Lead the evaluation, approval, rollout, rollback, drift detection, and deprecation of AI services.
Manage models and configurations as code with versioning, test coverage, and audit trails.
Define and implement guardrails for toxicity, PII, policy violations, hallucination control, and grounding.
Conduct red-teaming exercises and containment strategies, and report on safety posture.
Align support structures, on-call coverage, escalation paths, and playbooks with Service Management and partners.
Ensure runbooks are current, usable, and effective for BAU and after-hours support.
Collaborate with DataOps on feature and embedding stores, retrieval/RAG patterns, lineage, and SLAs to ensure reliability and cost-efficiency.
Enforce tagging to surface product-level costs, monitor budget variances and anomalies, and drive safe optimisations such as caching, batching, and model sizing.
Maintain up-to-date standards, diagrams, evaluation reports, and runbooks to ensure clean handovers and reduce single points of failure.
Requirements
Proven experience managing the full lifecycle of AI models and agents — from evaluation and approval to rollout, rollback, drift detection, and deprecation.
Skilled in prompt/config/version management as code, RAG patterns, vector/feature stores, and runtime monitoring for latency, quality, and safety.
Hands-on experience with AWS services such as Bedrock and SageMaker (or equivalents), serverless runtimes, event-driven architecture, CI/CD pipelines, observability tools (CloudWatch/OpenTelemetry), and secure connectivity.
Practical knowledge of building and operating agentic experiences using Agentforce, integrating with Salesforce workflows (Service, Sales, Knowledge), and aligning runtime signals (safety, performance, cost) to business outcomes.
Strong understanding of data ingestion, identity resolution, harmonisation, segmentation, activation, and governance — with a focus on how Data Cloud supports AI/RAG use cases and downstream observability.
Proficient in Terraform-first provisioning across AWS, Snowflake, and Salesforce integrations.

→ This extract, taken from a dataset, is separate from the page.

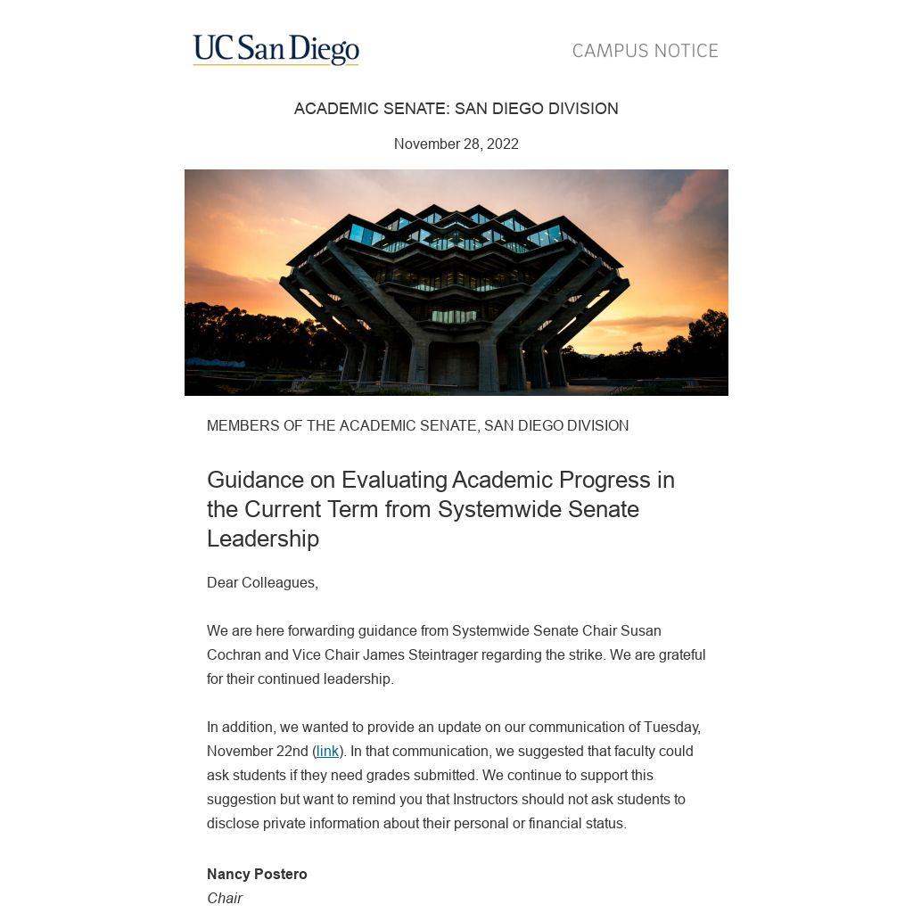 Many faculty looking at the disruption to their classes, their own workload concerns, and their sentiments regarding the strike have asked: “Would cancelling final examinations be acceptable?” Beyond the APM, other rules have been formulated to articulate our responsibilities to our students. For example, the systemwide Regulations of the Academic Senate—the rules of the faculty that we have formulated for ourselves—include the requirement of final examinations (with certain exceptions and carve outs for, e.g., laboratory classes; see Senate Regulation 772). Divisional Senate regulations generally mirror systemwide regulations in this regard. This and similar stipulations are meant to protect students from arbitrary evaluation of their academic work. We must make sure that when we contemplate relaxing our rules under extraordinary circumstances that our best intentions do not have unintentionally harmful consequences. Cancellation of a final exam, for example, may deprive a student of the chance to raise their grade. Making a final exam optional might not. Typically, to vouchsafe fairness, assignments and grading standards need to be spelled out in the course syllabus so that students can plan. In this instance, with the strike coming after distribution of the syllabus, that may present difficulties. When determining how or whether to offer forms of flexibility to students under atypical circumstance, faculty ought to employ the following principles: Do I have enough information to evaluate a student’s performance fairly? Have I provided opportunities to the student to demonstrate that they have learned? At the end of this term, it is entirely possible and even likely that some students will not have had the full experience of a class as it would be taught under normal circumstances. For example, discussion sections run by teaching assistants may have been cancelled and you, the instructor of record, could not or chose not to take on the struck work. This does not necessarily mean that instruction has been insufficient for the purpose of evaluating academic progress and fairly assigning a grade. When in doubt, discuss your plans with your department chair at a minimum.

Experience with HashiCorp Vault for secrets management, PKI, dynamic credentials, policy-as-code, automated rotation, and audit trails.
Deep knowledge of SLIs/SLOs, tracing, logging, alerting, incident response, post-incident reviews, change automation, rollback strategies, and resilience patterns.
Comfortable partnering with Support, Service Management, and vendors for BAU and after-hours operations.
Tech Stack
AWS
Cloud
Terraform
Vault
Benefits
A fully subsidised Southern Cross health insurance cover for you and your family.
Laptop, unlimited data plan and a market leading mobile phone.
Lifestyle leave, giving you the option to purchase an extra week or two of annual leave.
Discounts on One New Zealand products, services and much more!